- [Required work]
Copy the entries word for word. Keep the pictures out.

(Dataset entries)
■ ■ ■

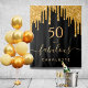 A trendy and glamourous 50th birthday tapestry. A classic black background decorated with faux gold glitter drips, paint dripping look. With the text: 50 and fabulous. Personalise and add a name. Golden coloured text. The word Fabulous is written with a modern hand lettered style script with swashes. Can be used as a welcome banner, party wall decor or as a fotobooth backdrop.
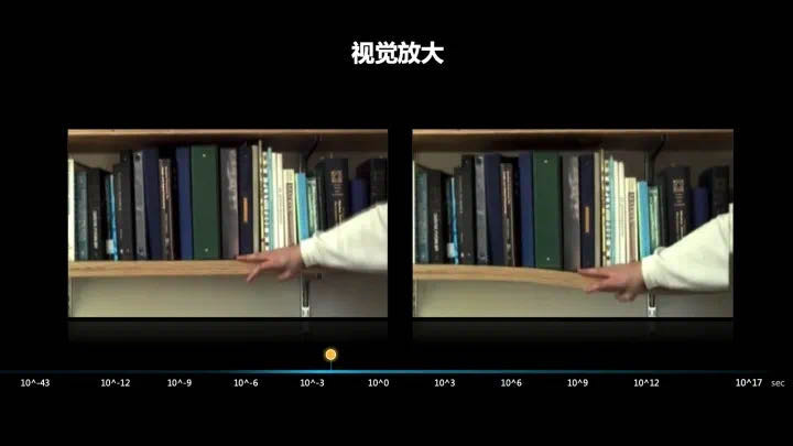 我們再看一秒尺度下物理世界的變遷。下面這組照片,左邊這張是正常拍攝下人眼看到的手撐住書架,右邊這張圖是用機器看到視頻當中不同頻率的信號捕捉出來微小的震動,把它放大100倍、1000倍之后,能夠看到木材是如何受力的,這在時間緯度上是非常細微的。
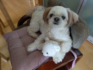 七ちゃんと相棒のぬいぐるみの八です。いつも八と戯れるのが七ちゃんのお氣に入りなのです!寝るときも八に枕するか、あご乗せに使用しています。または八を咥えて只管に振り回すのが得意というか大好きなのです!見ている僕まで笑顔になってきます。七ちゃん!八と一緒に家族みんなで元氣で楽しく一緒に暮らしていまあす。^^/
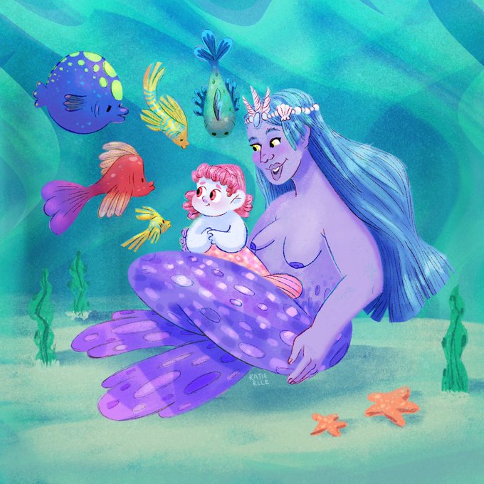 Introductions can be scary for a shy lil mergirl. Luckily mum is there to help 🐠🌟 My one and only contribution to #mermay this year 🌟 #mermay2021
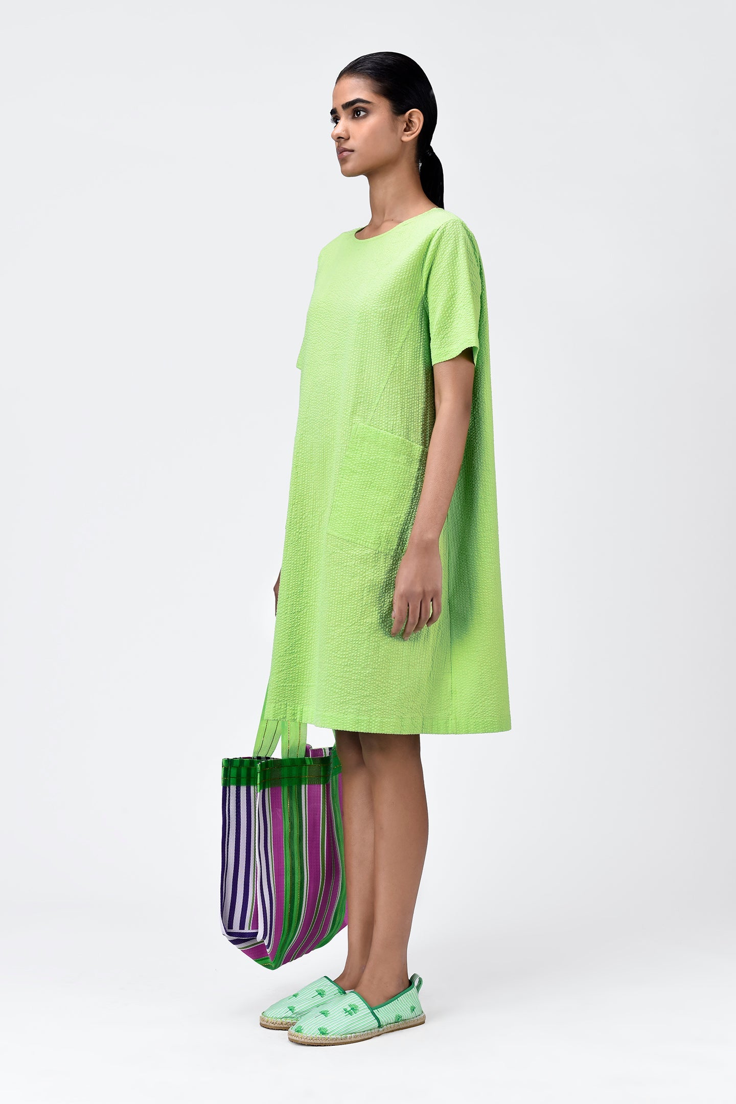 Easy-Fit Solid Dress with Patch Pockets-Mint Green
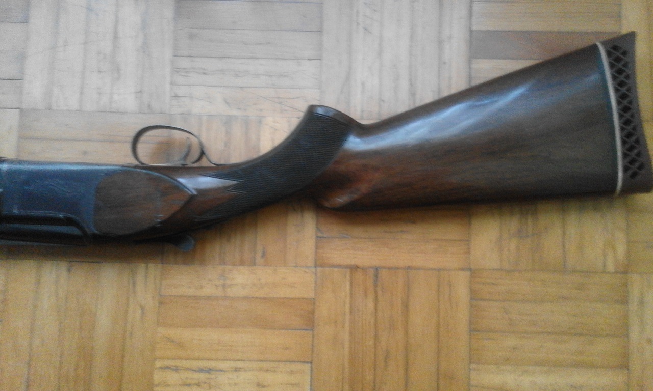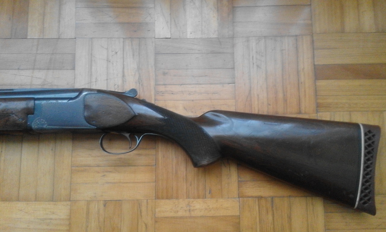 Escopeta Miroku superpuesta especial caza, calibre 12/70, monogatillo, expulsora, selector de tiro, chokes x- y x (en version española equivale a *** y *), solista ventilada de 8 m/m, tiene el pavon algo gastado por la parte delantera de los cañones y algún toque en la madera por el uso, esta bien de ajustes y funcionamiento, cañones de 71 ctms. con animas a espejo.
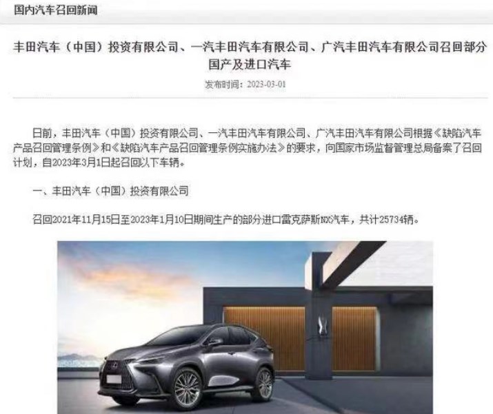 另外,剛剛過去的2月、3月,雷克薩斯連續(xù)2次發(fā)布召回公告,第一次原因是燃油箱通風(fēng)管外殼(樹脂材料)上部的形狀不當(dāng),使用時(shí)可能存在風(fēng)險(xiǎn);第二次原因?yàn)榘踩{駛輔助系統(tǒng)中前置攝像頭內(nèi)部程序不當(dāng)。
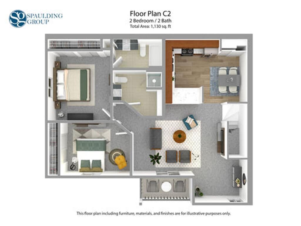 2 Dormitorios, 2 Baños, 1130 pies²Disponible AhoraGalería del Modelo
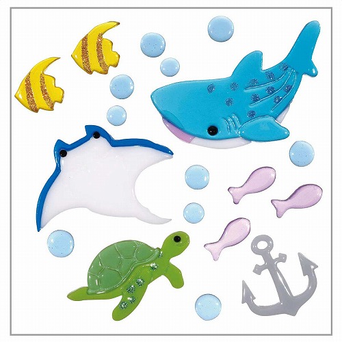 ショーウィンドウや窓ガラス・鏡に簡単に貼ったりはがしたりができるグミデコを飾って夏らしい店舗ディスプレイに。
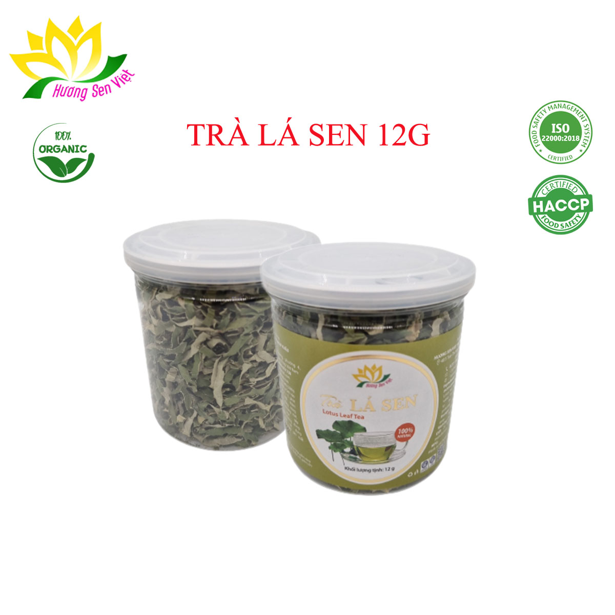 Thành phần: Lá sen tươi 100% sấy lạnh. Công dụng: – Giảm căng thẳng, mệt mỏi; giúp an thần, tạo giấc ngủ sâu – Giúp hạ mỡ máu, giảm mỡ trong cơ thể, phòng ngừa và hỗ trợ điều trị chứng bệnh béo phì – Hỗ trợ phòng trị chảy máu não và các biến chứng kèm theo ở bệnh nhân tăng huyết áp – Ngăn ngừa xơ vữa động mạch, giúp phòng ngừa và hỗ trợ điều trị bệnh mạch vành tim và viêm túi mật. – Làm mát gan, tăng cường chức năng gan, hỗ trợ điều trị người mắc bệnh gan nhiễm mỡ. Hướng dẫn bảo quản: Nơi khô ráo, thoáng mát và tránh ánh nắng chiếu trực tiếp Hướng dẫn sử dụng: Cho 2 - 3 gam Trà Lá Sen vào 200 ml nước sôi, chờ từ 3 - 5 phút là dùng được. Có thể thêm đường, đá lạnh hoặc dùng nóng. Thời hạn sử dụng sản phẩm: 24 tháng kể từ ngày sản xuất

■ ■ ■

- [Solution below]
 A trendy and glamourous 50th birthday tapestry. A classic black background decorated with faux gold glitter drips, paint dripping look. With the text: 50 and fabulous. Personalise and add a name. Golden coloured text. The word Fabulous is written with a modern hand lettered style script with swashes. Can be used as a welcome banner, party wall decor or as a fotobooth backdrop.
 我們再看一秒尺度下物理世界的變遷。下面這組照片,左邊這張是正常拍攝下人眼看到的手撐住書架,右邊這張圖是用機器看到視頻當中不同頻率的信號捕捉出來微小的震動,把它放大100倍、1000倍之后,能夠看到木材是如何受力的,這在時間緯度上是非常細微的。
 七ちゃんと相棒のぬいぐるみの八です。いつも八と戯れるのが七ちゃんのお氣に入りなのです!寝るときも八に枕するか、あご乗せに使用しています。または八を咥えて只管に振り回すのが得意というか大好きなのです!見ている僕まで笑顔になってきます。七ちゃん!八と一緒に家族みんなで元氣で楽しく一緒に暮らしていまあす。^^/
 Introductions can be scary for a shy lil mergirl. Luckily mum is there to help 🐠🌟 My one and only contribution to #mermay this year 🌟 #mermay2021
 Easy-Fit Solid Dress with Patch Pockets-Mint Green
 Escopeta Miroku superpuesta especial caza, calibre 12/70, monogatillo, expulsora, selector de tiro, chokes x- y x (en version española equivale a *** y *), solista ventilada de 8 m/m, tiene el pavon algo gastado por la parte delantera de los cañones y algún toque en la madera por el uso, esta bien de ajustes y funcionamiento, cañones de 71 ctms. con animas a espejo.
 另外,剛剛過去的2月、3月,雷克薩斯連續(xù)2次發(fā)布召回公告,第一次原因是燃油箱通風(fēng)管外殼(樹脂材料)上部的形狀不當(dāng),使用時(shí)可能存在風(fēng)險(xiǎn);第二次原因?yàn)榘踩{駛輔助系統(tǒng)中前置攝像頭內(nèi)部程序不當(dāng)。
 2 Dormitorios, 2 Baños, 1130 pies²Disponible AhoraGalería del Modelo
 ショーウィンドウや窓ガラス・鏡に簡単に貼ったりはがしたりができるグミデコを飾って夏らしい店舗ディスプレイに。
 Thành phần: Lá sen tươi 100% sấy lạnh. Công dụng: – Giảm căng thẳng, mệt mỏi; giúp an thần, tạo giấc ngủ sâu – Giúp hạ mỡ máu, giảm mỡ trong cơ thể, phòng ngừa và hỗ trợ điều trị chứng bệnh béo phì – Hỗ trợ phòng trị chảy máu não và các biến chứng kèm theo ở bệnh nhân tăng huyết áp – Ngăn ngừa xơ vữa động mạch, giúp phòng ngừa và hỗ trợ điều trị bệnh mạch vành tim và viêm túi mật. – Làm mát gan, tăng cường chức năng gan, hỗ trợ điều trị người mắc bệnh gan nhiễm mỡ. Hướng dẫn bảo quản: Nơi khô ráo, thoáng mát và tránh ánh nắng chiếu trực tiếp Hướng dẫn sử dụng: Cho 2 - 3 gam Trà Lá Sen vào 200 ml nước sôi, chờ từ 3 - 5 phút là dùng được. Có thể thêm đường, đá lạnh hoặc dùng nóng. Thời hạn sử dụng sản phẩm: 24 tháng kể từ ngày sản xuất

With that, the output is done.